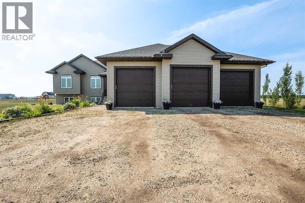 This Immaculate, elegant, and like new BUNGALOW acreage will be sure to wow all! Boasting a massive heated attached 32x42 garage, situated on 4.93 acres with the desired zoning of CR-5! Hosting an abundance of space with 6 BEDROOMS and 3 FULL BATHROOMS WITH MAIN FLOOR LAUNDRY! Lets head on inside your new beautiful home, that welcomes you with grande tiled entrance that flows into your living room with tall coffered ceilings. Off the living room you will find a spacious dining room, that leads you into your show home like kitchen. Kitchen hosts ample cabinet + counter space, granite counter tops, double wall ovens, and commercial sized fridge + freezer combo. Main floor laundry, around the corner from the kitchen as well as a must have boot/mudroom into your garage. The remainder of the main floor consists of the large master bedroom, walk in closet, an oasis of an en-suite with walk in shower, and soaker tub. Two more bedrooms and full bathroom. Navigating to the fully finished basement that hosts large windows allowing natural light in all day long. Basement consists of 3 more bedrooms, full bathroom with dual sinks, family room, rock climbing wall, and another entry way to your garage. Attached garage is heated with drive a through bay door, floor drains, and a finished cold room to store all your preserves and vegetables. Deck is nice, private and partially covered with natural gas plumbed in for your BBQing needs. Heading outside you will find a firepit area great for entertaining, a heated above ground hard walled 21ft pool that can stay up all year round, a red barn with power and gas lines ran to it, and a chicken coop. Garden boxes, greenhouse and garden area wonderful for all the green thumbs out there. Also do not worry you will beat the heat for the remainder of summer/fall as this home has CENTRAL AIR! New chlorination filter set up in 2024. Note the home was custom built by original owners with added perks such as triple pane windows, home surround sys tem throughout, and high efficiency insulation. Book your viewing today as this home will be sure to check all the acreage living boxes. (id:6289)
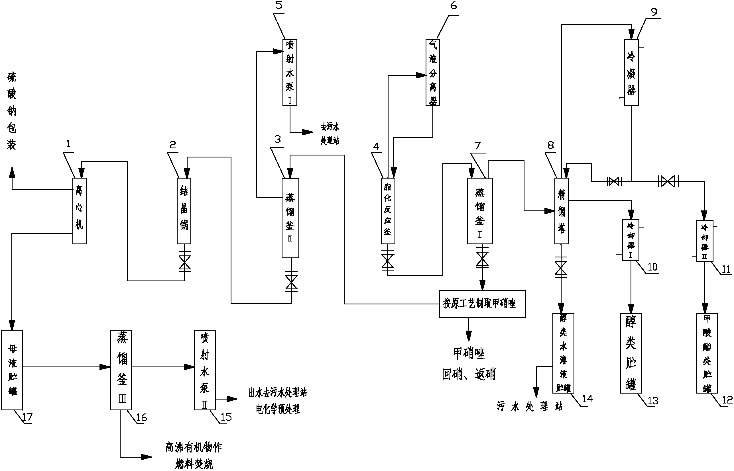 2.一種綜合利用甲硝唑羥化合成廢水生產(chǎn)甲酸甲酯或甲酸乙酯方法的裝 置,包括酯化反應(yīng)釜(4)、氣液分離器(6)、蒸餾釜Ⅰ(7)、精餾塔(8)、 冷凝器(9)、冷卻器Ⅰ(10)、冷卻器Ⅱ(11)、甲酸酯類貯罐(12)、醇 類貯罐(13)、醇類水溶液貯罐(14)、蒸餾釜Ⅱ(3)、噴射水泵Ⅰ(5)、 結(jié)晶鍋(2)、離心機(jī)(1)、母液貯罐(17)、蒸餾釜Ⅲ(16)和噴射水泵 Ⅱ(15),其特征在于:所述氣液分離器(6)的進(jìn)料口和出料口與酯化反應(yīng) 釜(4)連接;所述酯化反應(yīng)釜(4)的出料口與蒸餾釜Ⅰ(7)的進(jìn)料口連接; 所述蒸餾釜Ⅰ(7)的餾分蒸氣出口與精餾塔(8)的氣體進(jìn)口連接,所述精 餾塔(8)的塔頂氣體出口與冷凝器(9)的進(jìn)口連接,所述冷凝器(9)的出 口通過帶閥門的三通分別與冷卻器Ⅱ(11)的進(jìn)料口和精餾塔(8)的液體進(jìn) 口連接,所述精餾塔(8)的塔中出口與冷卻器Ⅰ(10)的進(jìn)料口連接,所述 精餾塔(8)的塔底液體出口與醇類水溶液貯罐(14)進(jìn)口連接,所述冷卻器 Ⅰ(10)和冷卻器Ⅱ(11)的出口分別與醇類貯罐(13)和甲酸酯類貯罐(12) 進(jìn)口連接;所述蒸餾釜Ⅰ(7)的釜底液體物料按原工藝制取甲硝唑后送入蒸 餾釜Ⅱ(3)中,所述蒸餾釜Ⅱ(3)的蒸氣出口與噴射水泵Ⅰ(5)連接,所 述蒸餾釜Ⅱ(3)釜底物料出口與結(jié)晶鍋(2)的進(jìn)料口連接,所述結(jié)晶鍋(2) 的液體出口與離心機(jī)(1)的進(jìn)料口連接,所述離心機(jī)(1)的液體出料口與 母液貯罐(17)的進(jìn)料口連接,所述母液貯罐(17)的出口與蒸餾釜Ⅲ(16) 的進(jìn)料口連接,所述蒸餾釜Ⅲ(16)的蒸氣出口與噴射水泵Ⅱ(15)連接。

▬▬▬

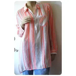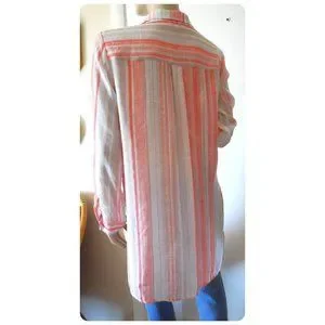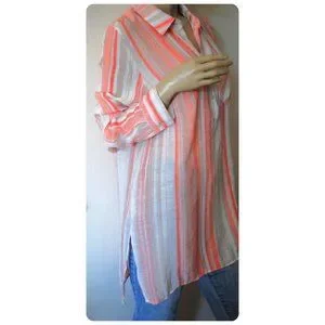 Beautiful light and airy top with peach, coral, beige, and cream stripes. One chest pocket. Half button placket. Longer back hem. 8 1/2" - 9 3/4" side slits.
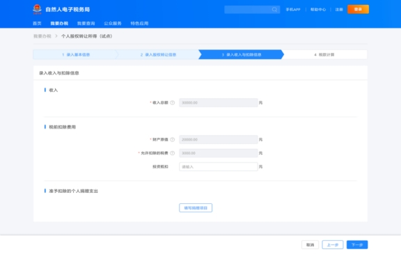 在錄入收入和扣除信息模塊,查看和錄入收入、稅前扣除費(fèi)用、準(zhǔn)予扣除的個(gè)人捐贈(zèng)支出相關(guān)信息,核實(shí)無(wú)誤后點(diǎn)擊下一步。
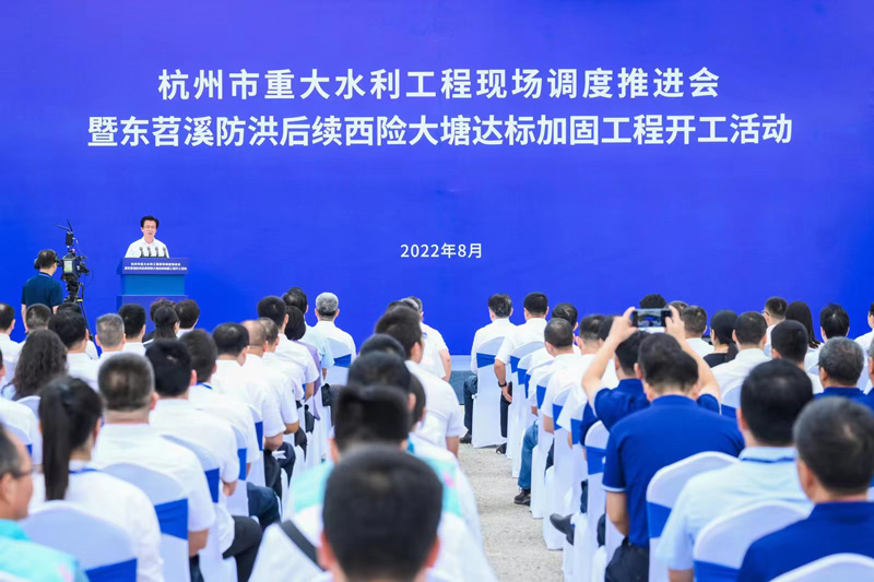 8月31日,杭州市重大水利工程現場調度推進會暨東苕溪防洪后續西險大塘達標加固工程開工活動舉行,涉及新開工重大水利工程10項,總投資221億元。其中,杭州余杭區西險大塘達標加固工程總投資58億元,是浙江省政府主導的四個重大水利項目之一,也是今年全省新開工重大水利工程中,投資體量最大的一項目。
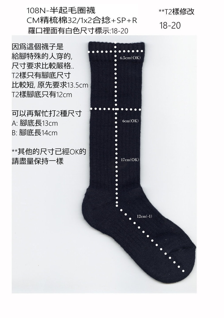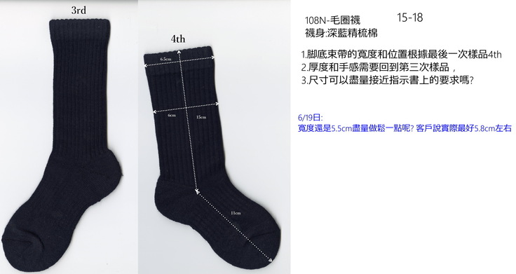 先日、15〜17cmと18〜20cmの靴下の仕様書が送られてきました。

▬▬▬

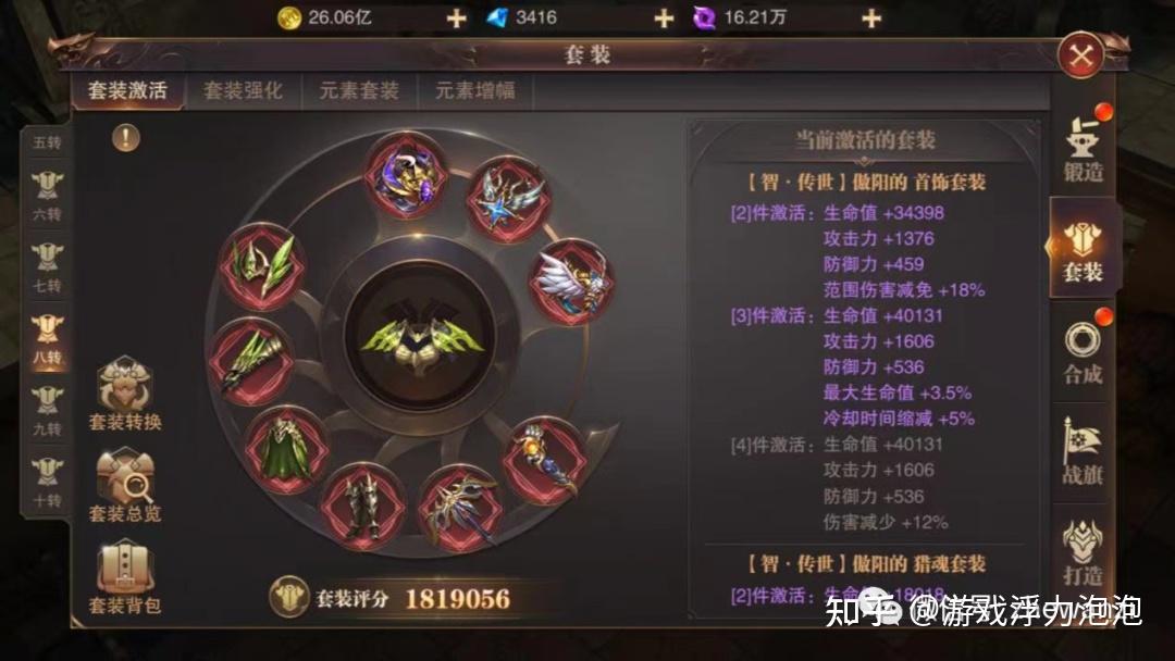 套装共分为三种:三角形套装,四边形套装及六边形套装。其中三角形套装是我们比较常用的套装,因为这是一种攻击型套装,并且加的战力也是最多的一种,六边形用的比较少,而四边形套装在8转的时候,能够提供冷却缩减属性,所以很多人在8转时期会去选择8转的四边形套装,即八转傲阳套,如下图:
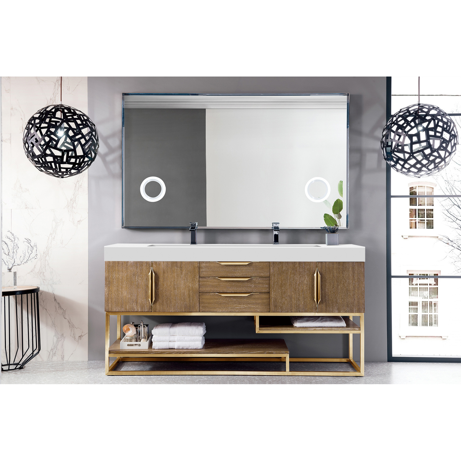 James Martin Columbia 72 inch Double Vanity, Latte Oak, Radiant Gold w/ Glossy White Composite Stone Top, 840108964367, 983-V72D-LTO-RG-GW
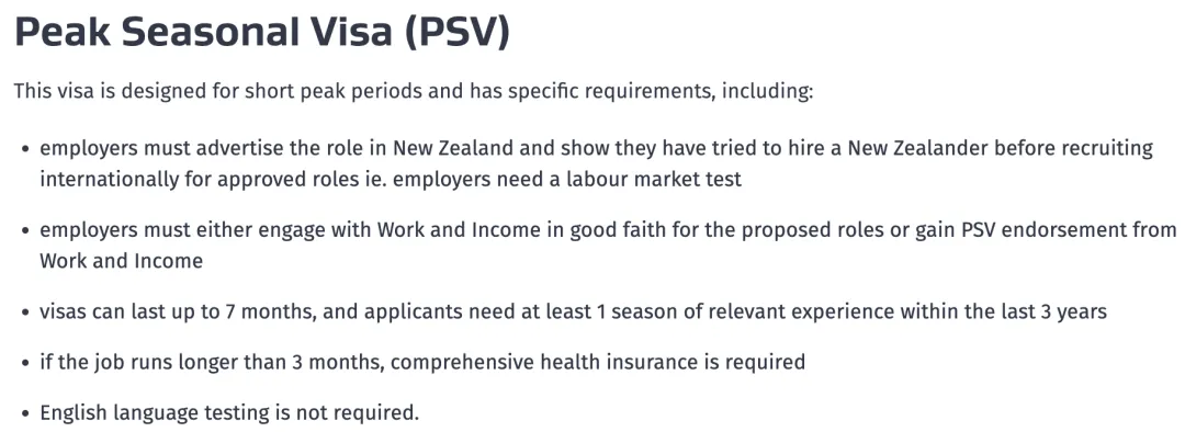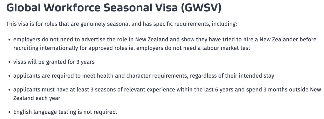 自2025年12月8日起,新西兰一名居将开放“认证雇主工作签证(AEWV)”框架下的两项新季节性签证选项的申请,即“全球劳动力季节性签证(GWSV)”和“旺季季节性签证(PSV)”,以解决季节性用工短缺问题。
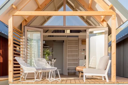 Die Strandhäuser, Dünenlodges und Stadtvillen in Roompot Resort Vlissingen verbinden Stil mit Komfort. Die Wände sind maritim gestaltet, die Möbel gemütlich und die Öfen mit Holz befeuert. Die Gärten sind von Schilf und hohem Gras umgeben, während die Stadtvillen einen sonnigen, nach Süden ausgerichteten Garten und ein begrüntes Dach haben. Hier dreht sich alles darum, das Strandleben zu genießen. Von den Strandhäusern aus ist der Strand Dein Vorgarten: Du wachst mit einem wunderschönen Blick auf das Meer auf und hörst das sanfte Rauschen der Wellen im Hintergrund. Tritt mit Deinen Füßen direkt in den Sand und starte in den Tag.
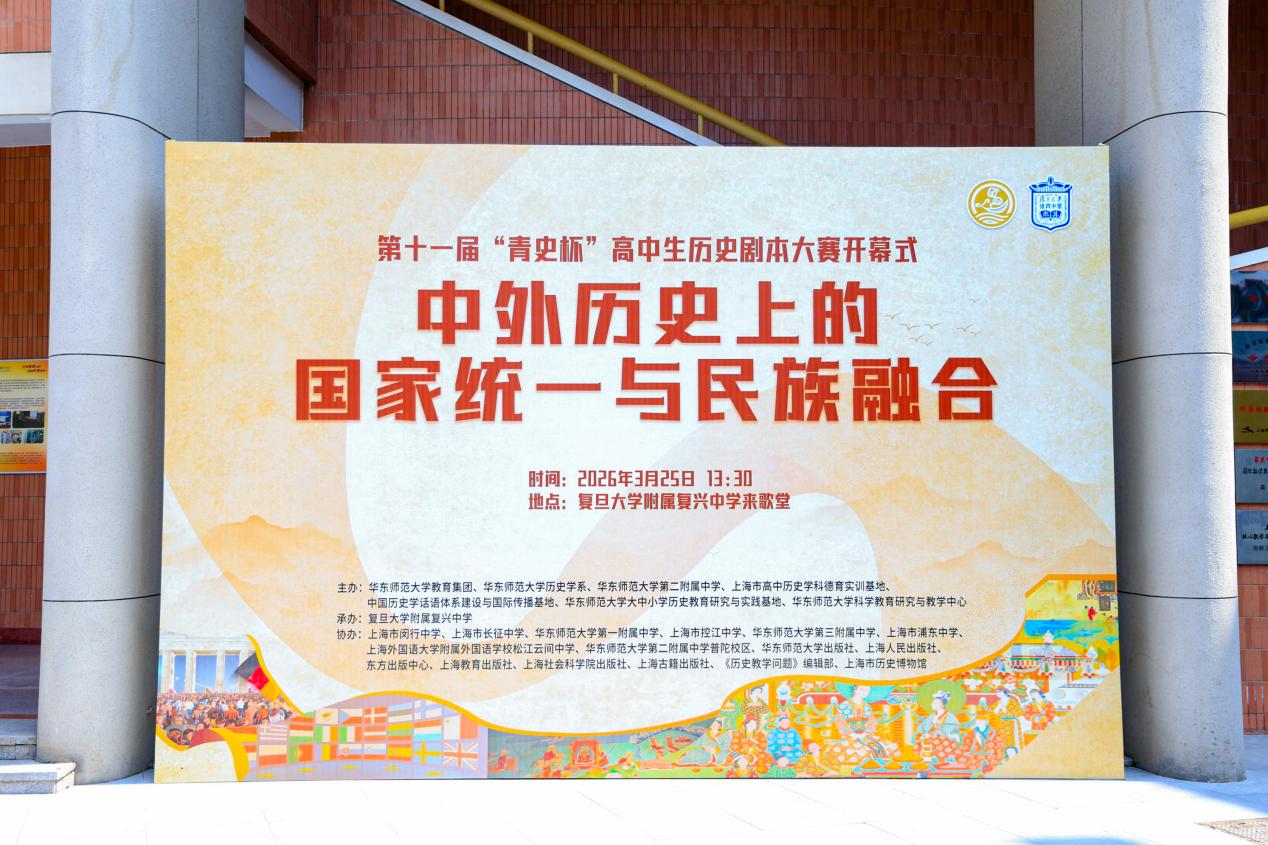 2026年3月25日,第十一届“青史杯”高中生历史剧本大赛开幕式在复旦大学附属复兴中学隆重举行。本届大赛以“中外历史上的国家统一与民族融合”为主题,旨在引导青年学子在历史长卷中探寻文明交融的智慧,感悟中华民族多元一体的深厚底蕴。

▬▬▬

**About this task:** Word for word, repeat the lines above from the one with "在錄入收入和扣除信息模塊,查" through the one with "先日、15〜17cmと18〜20cmの靴下の仕様書が送られてきました。", and nothing beyond them. Omit the pictures.

**Solution:**
 在錄入收入和扣除信息模塊,查看和錄入收入、稅前扣除費(fèi)用、準(zhǔn)予扣除的個(gè)人捐贈(zèng)支出相關(guān)信息,核實(shí)無(wú)誤后點(diǎn)擊下一步。
 8月31日,杭州市重大水利工程現場調度推進會暨東苕溪防洪后續西險大塘達標加固工程開工活動舉行,涉及新開工重大水利工程10項,總投資221億元。其中,杭州余杭區西險大塘達標加固工程總投資58億元,是浙江省政府主導的四個重大水利項目之一,也是今年全省新開工重大水利工程中,投資體量最大的一項目。
 先日、15〜17cmと18〜20cmの靴下の仕様書が送られてきました。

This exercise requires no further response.